Caudal cervical spondylomyelopathy is a common disease of the cervical vertebrae in large-breed dogs that leads to various neurologic clinical signs caused by static and dynamic compression of the spinal cord.1,2 Most of the so-called disk-associated CSMs involve IVD degeneration and prolapse between C5 and C6 and between C6 and C7.2 The pathogenesis, diagnosis, and treatment of this disease are controversial, largely because the disease is not completely understood.
Treatment for CSM can be medical or surgical.2 Surgical treatment has a better overall outcome and therefore is recommended in most cases.3 Surgical treatment may consist of direct decompression (eg, partial removal of a bulging IVD via a ventral approach) or indirect decompressive techniques (eg, distraction and fusion of the affected vertebral segment2,4). However, decompressive techniques often lead to delayed fusion of the involved segments.5 Although these surgical techniques are generally satisfactory, it has been suggested that they can promote a change in vertebral kinematics and consequently a shift of the disease toward adjacent segments (adjacent segment disease) in up to 20% of the cases.6 Canine patients are often euthanized when there is recurrence of clinical signs originating from an adjacent segment.4
With the aim of preserving vertebral kinematics after surgical intervention, there has been an increasing interest in the development of new surgical techniques for canine patients with CSM. One of these techniques involves inserting an artificial IVD into the IVD space, with the goal of reestablishing normal vertebral motion.7,a However, this technique is associated with various complications, including delayed bone ingrowth, subsidence of the implant at the bone interface, lack of osseointegration, and incomplete restoration of vertebral kinematics.8,b Such complications may arise from a mismatch between the shape of current prosthesis designs and the rather asymmetric and obliquely orientated cervical IVD space. This discrepancy between anatomy and implant design may result in abnormal loading between the prosthesis and adjacent end plates. When considering potential improvements to current prosthesis designs, an anatomically shaped prosthesis conforming to the natural shape and size of an IVD space in dogs can be expected to more closely match the dynamic properties of the disk space. However, to our knowledge, a blueprint for such a prosthesis (ie, a fundamental morphometric description of the canine caudal cervical IVD space in a neutral position and in various loading positions) has not been described.

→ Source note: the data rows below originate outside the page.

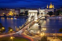 Boedapest - Kettingbrug met de St. Stephen's Basiliek van Thomas Rieger
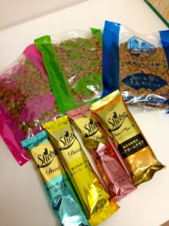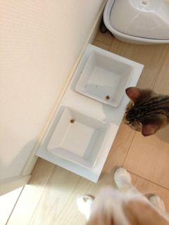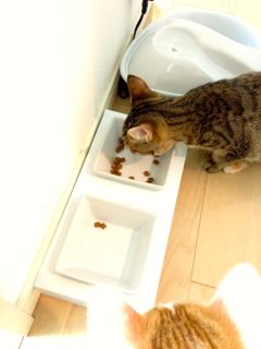 2人ともなぜか完食することはなくて、必ず1粒2粒残すのがクセのよう。そのくせ、「もっとくれー」とおねだりしてくるんですけどね。キッチンに行ったり、ちょっとでもそれらしき音がするとさっと飛んできて「ごはんくれるの??」と目がキラキラ☆
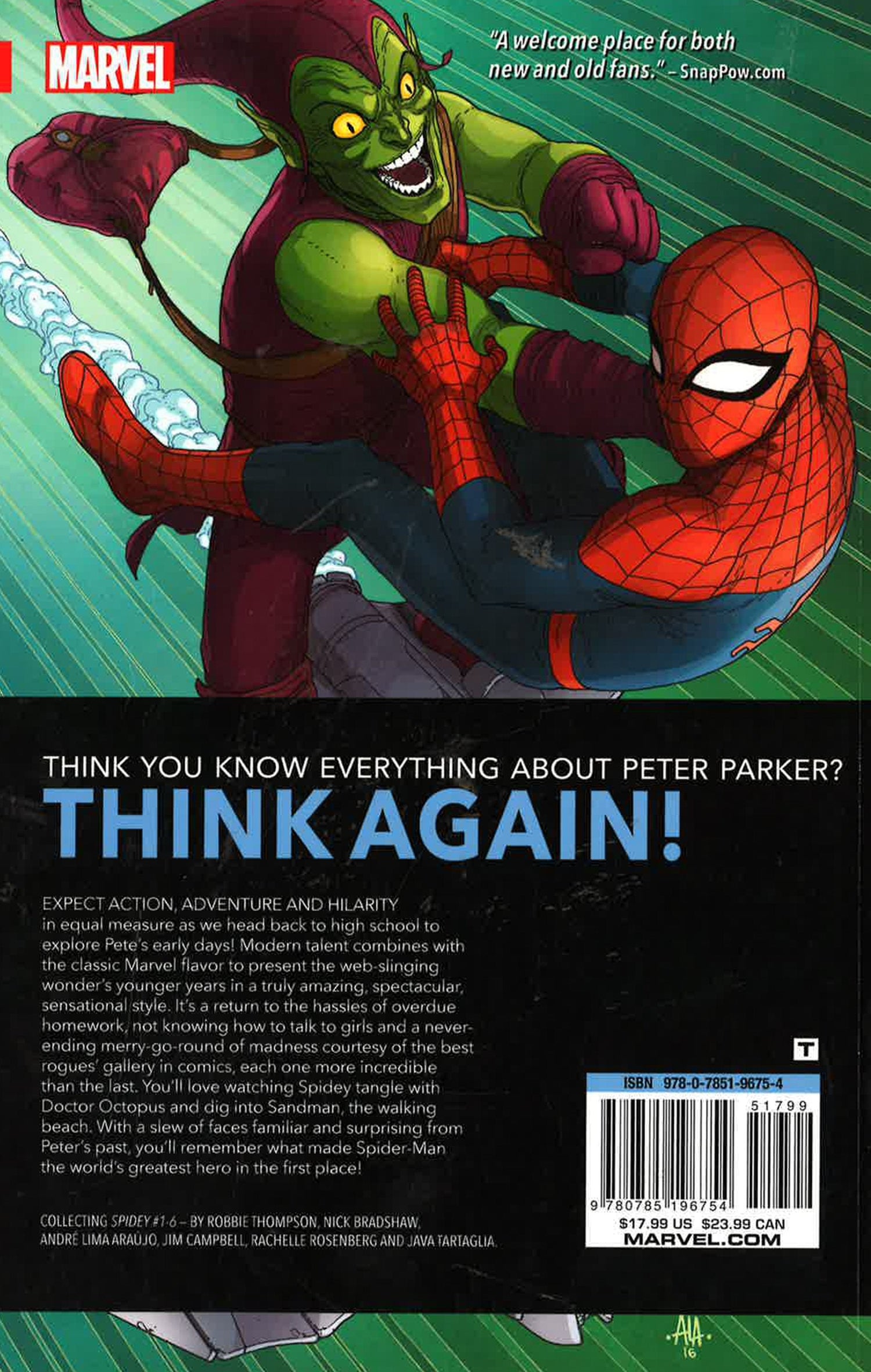 Think you know everything about Peter Parker? Think again! Expect action, adventure and hilarity in equal measure as we head back to high school to explore Pete's early days! Modern talent combines with the classic Marvel flavor to present the web-slinging wonder's younger years in truly amazing, spectacular, sensational style. It's a return to the hassles of overdue homework, not knowing how to talk to girls and a never-ending merry-go-round of madness courtesy of the best rogues'gallery in comics, each one more incredible than the last. You'll love watching Spidey tangle with Doctor Octopus and dig Sandman, the walking beach. With these and more faces from Peter's past -both familiar and surprising figures -you'll remember what made Spider-Man the world's greatest hero in the first place! COLLECTING: SPIDEY 1-6
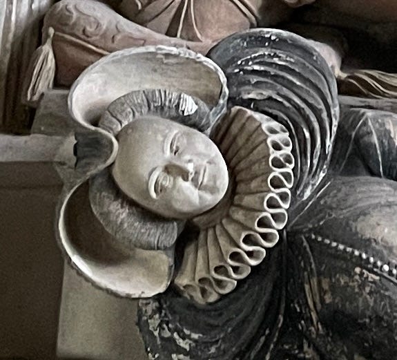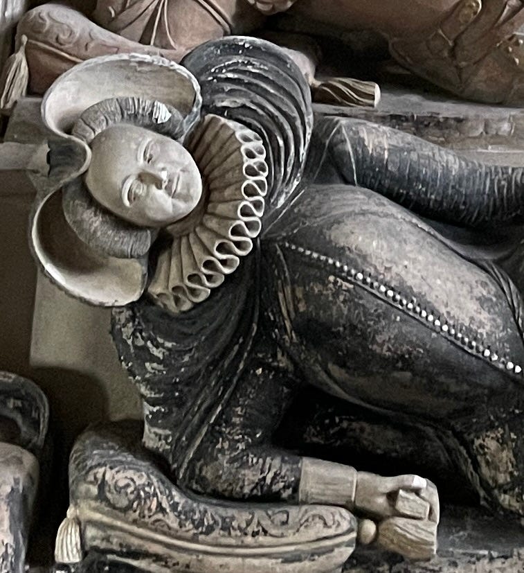 Here is Elizabeth in the Seymour monument at St. Mary’s Church, Berry Pomeroy.
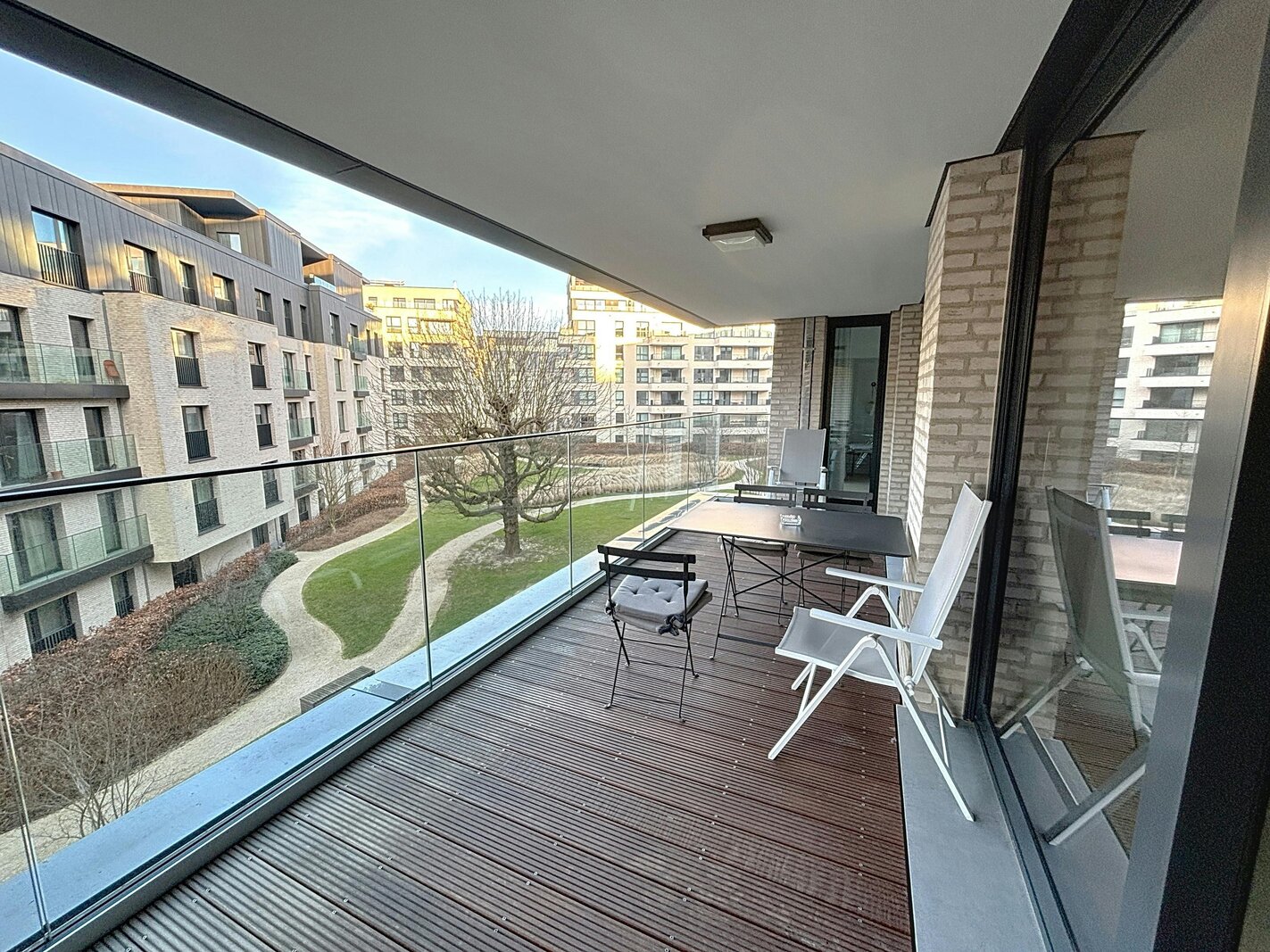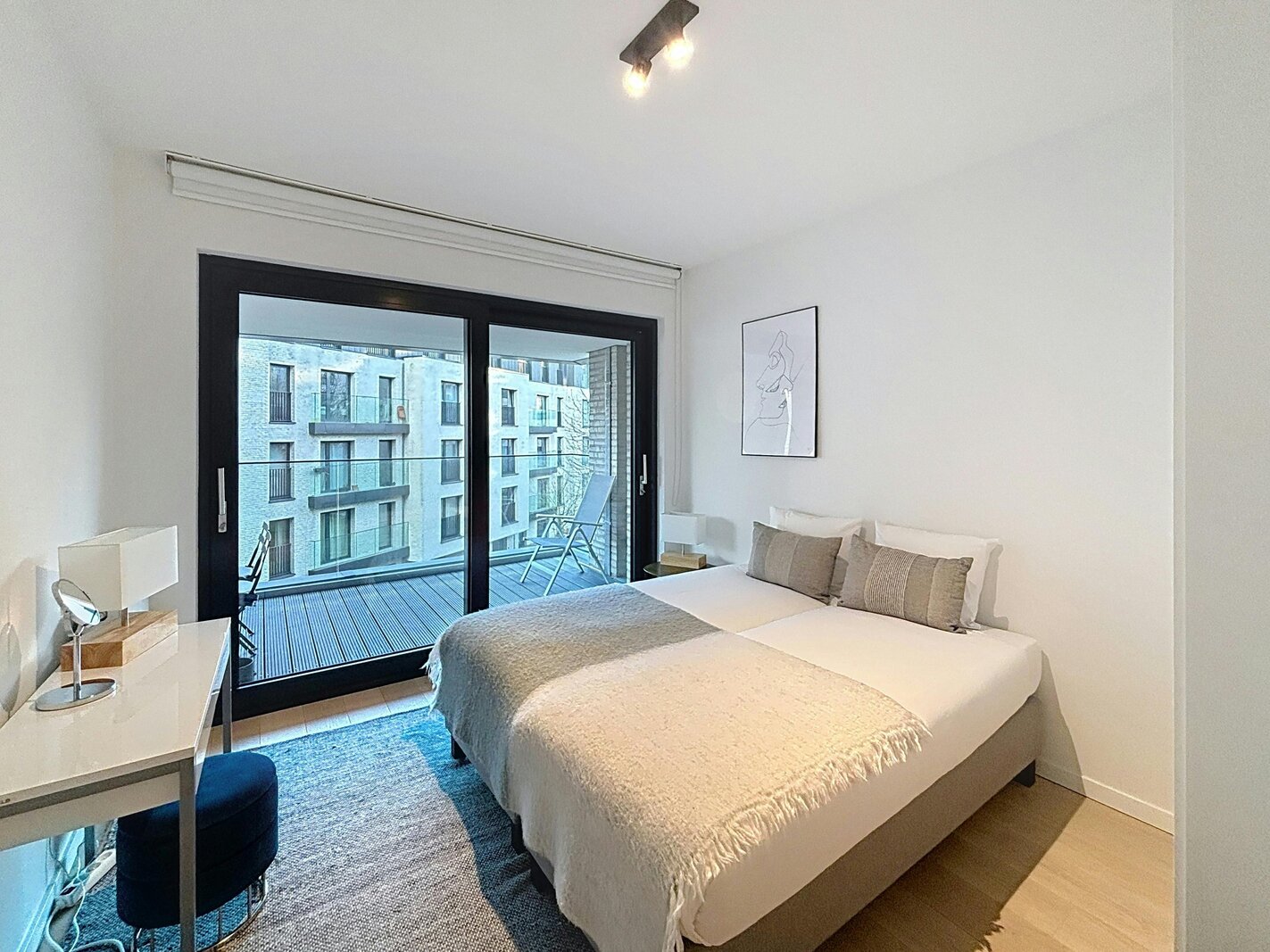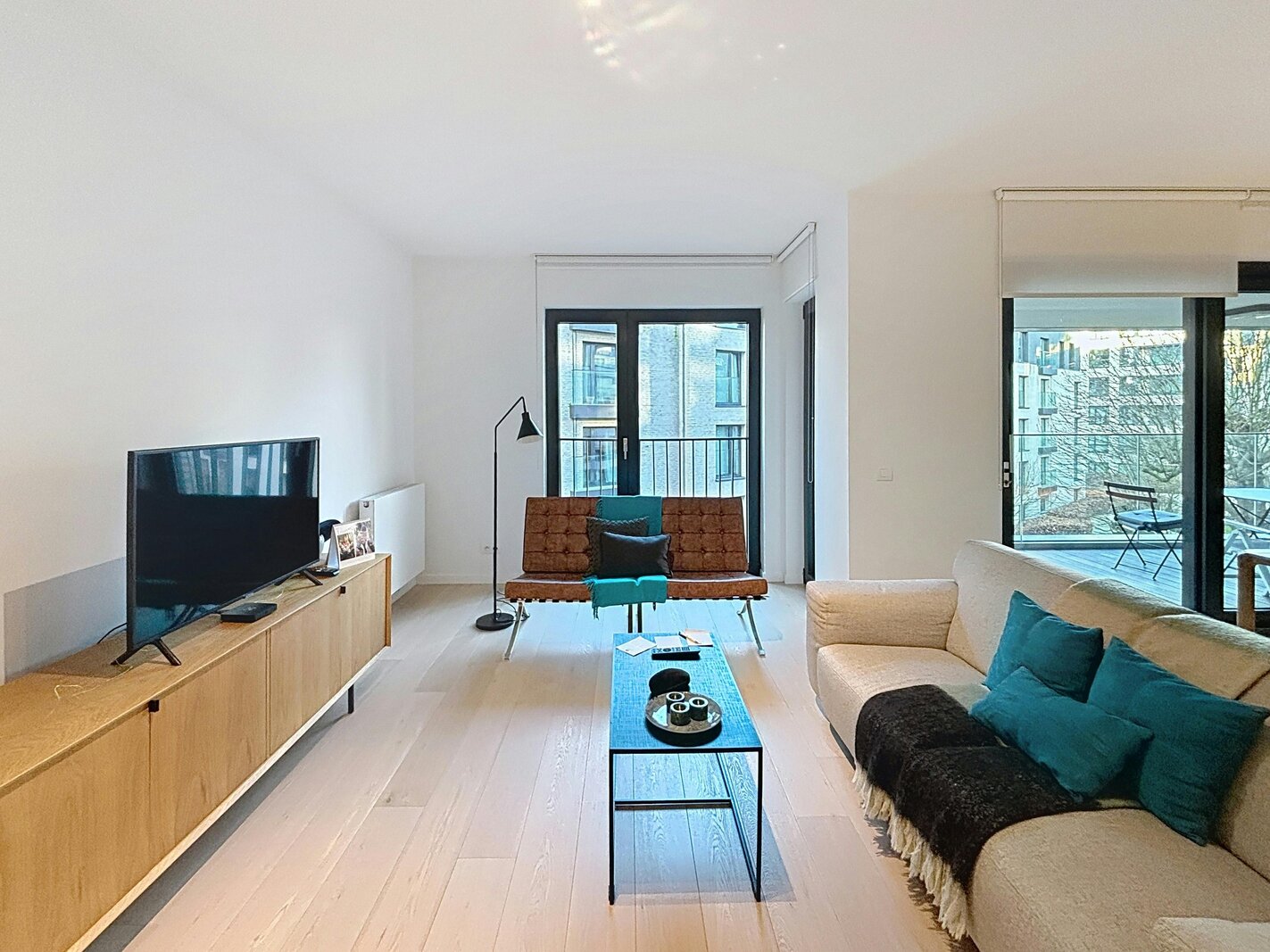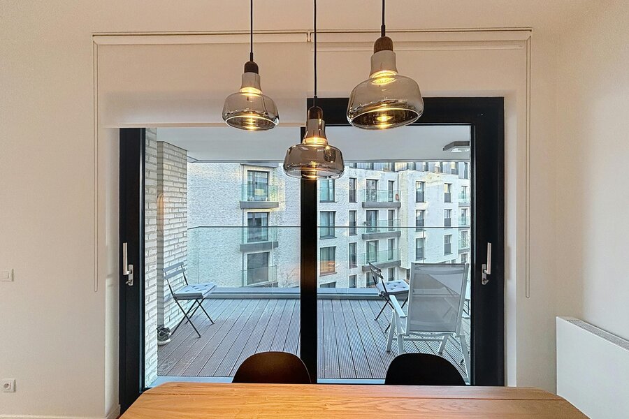 Elsene – Prachtig gemeubeld appartement van ±118m² met 2 slaapkamers in een recent, hoogstaand complex met mooie buitenruimtes.
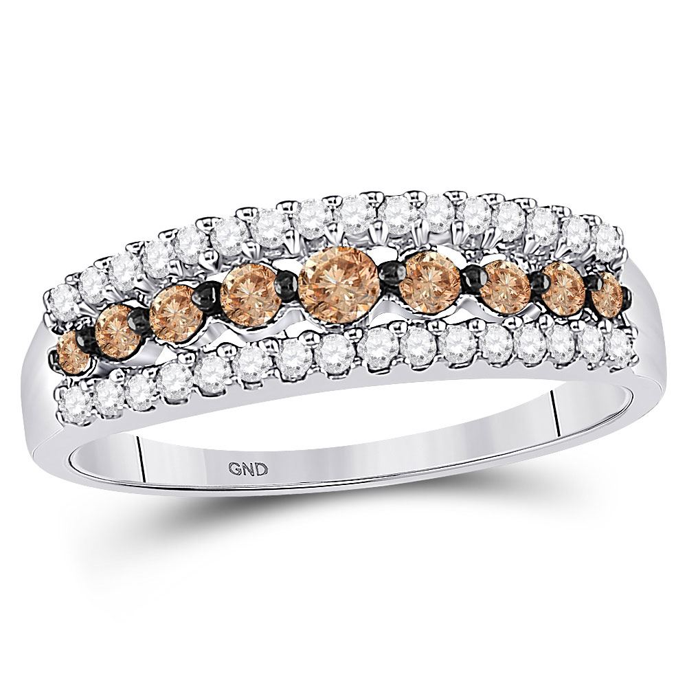 10kt White Gold Womens Round Brown Diamond Triple Row Band Ring 1/2 Cttw
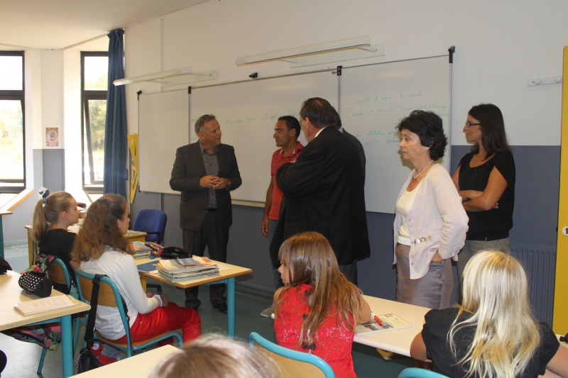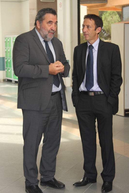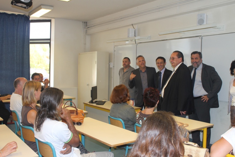Il est 10H30 lorsque Michel Barat, Guy Monchaux et Christiane Revest accompagnés d’Alexandre Sarrola, maire de la commune de Sarrola Carcopino, franchissent les grilles du collège accueillis par Pierre Albertini, principal du collège et Sophie Carbuccia, adjointe. Cela fait déjà deux heures que les élèves de 6ème ont fait leurs premiers pas dans leur nouvel établissement scolaire. La particularité du collège de Baléone réside dans le fait que les classes de 6ème font leur rentrée, accompagnés de leurs parents, avec le collège pour eux seuls, la rentrée des 5ème, 4ème et 3ème étant différée de 24 heures. Les nouveaux collégiens sont appelés par classe puis accueillis par leur professeur principal qui les guidera tout au long de cette première journée. On leur présente leurs différents professeurs, leur emploi du temps, les ouvrages scolaires sont attribués. Pendant ce temps, les parents présents sont accueillis par le principal, son adjointe, et la gestionnaire qui leur expliquent le fonctionnement et les règles de l’établissement. Les parents sont ensuite répartis dans différentes classes afin de rencontrer les enseignants de leurs enfants. C’est là que Michel Barat, Guy Monchaux et Chistiane Revest viendront à la rencontre des parents, élèves et professeurs guidés par Pierre Albertini et Sophie Carbuccia.
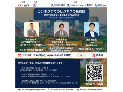 これまでCJCCとCJBIは、農業・ヘルスケアなど分野別に現地企業と日本企業を結ぶセミナーを開催してきました。今回は特定の分野に限定せず、実際に現地で活躍する日本人経営者の視点からカンボジアの“いま”をご紹介することで、日本企業が同国市場に関心を持つきっかけの一つとなることを目指しています。
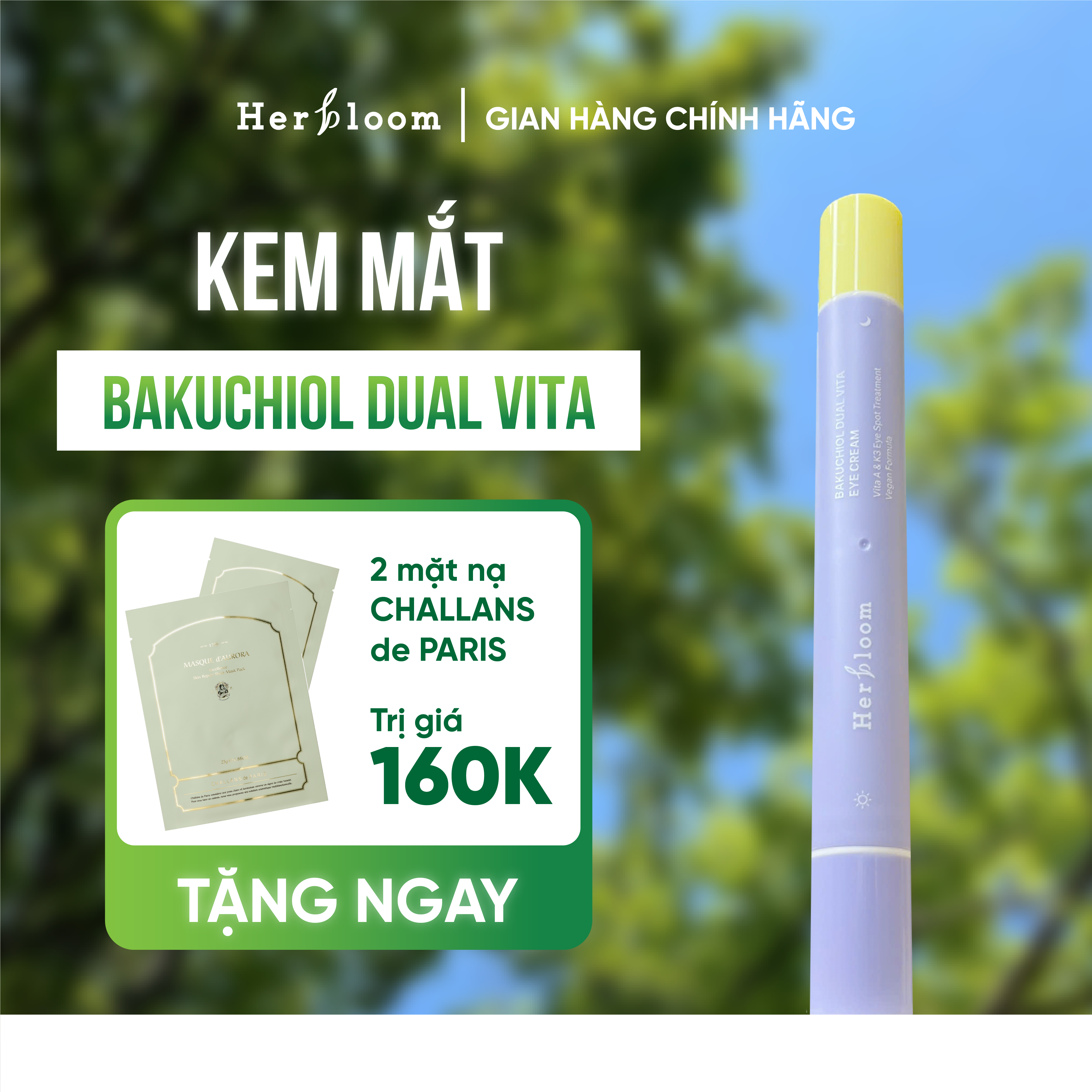 - Kem mắt BAKUCHIOL Dual Vita Eye Cream 2in1 (ngày & đêm) chứa các loại vitamin A, K và các dưỡng chất thiết yếu từ thiên nhiên, giúp nuôi dưỡng và chăm sóc vùng da quanh mắt chuyên sâu, sử dụng cho cả ban ngày và ban đêm.
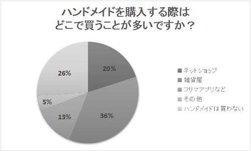 ハンドメイドは一つ一つ手作りで、同じように見えても詳しくみると微妙な部分に違いがあります。そのため、雑貨屋で購入する人が一番多い結果となったのは、「実際に自分の目で見て確認してから購入したい」と思っている人が多いということではないでしょうか。
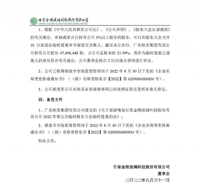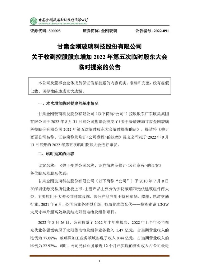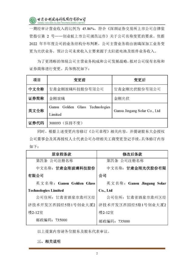 為了更清晰的體現(xiàn)公司主營業(yè)務(wù)構(gòu)成和公司發(fā)展戰(zhàn)略,擬對公司現(xiàn)有名稱和證券簡稱進(jìn)行變更。上市公司名稱由“甘肅金剛玻璃科技股份有限公司”變更為“甘肅金剛光伏股份有限公司”,證券簡稱由“金剛玻璃”改為“金剛光伏”,英文全稱由“Gansu Golden Glass Technologies Limited”改為“Gansu Jingang Solar Co., Ltd”。公司董事會將在兩日內(nèi)就該事項(xiàng)進(jìn)行審議。
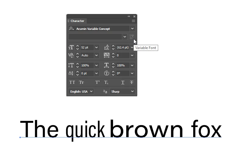 I have a font with two axes, weight and width. I have text with multiple weights. How can I change the width without changing the weight? When a variable font has multiple styles, the variable options button is greyed out. Is there a way to keep it open? If not, is there some third-party extension for working with variable fonts?

The aims of the study reported here were to determine the shape and size of the cranial and caudal end plates of the canine C4-5, C5-6, and C6-7 IVD spaces and to calculate the intervertebral angles and dimensions (IVD width) of the C4-5, C5-6, and C6-7 spaces in neutral, flexion, extension, and lateral bending positions. We hypothesized that the size and shape of the cranial end plate would differ from those of the caudal end plate, IVD wedge angles and width would change significantly throughout the physiologic range of motion, and morphometric characteristics would not differ among the C4-5, C5-6, and C6-7 spaces.
This manuscript represents a portion of a thesis submitted by Dr. Knell to the Graduate School for Cellular and Biomedical Sciences, University of Bern, as partial fulfillment of the requirements for a Doctor of Philosophy degree.
Supported in part by the Small Animal Foundation of the University of Zurich.
Presented in abstract form at the 26th Annual Scientific Meeting of the European College of Veterinary Surgeons, Edinburgh, July 2017, and the 1st International Symposium of the Societa Culturale Italiana Veterinari per Animali da Campagnia, Bologna, Italy, April 2018; and in poster form at the 45th Annual Meeting of the Veterinary Orthopedic Society, Snowmass, Colo, March 2018.
The authors thank Jeanne Peter for technical assistance.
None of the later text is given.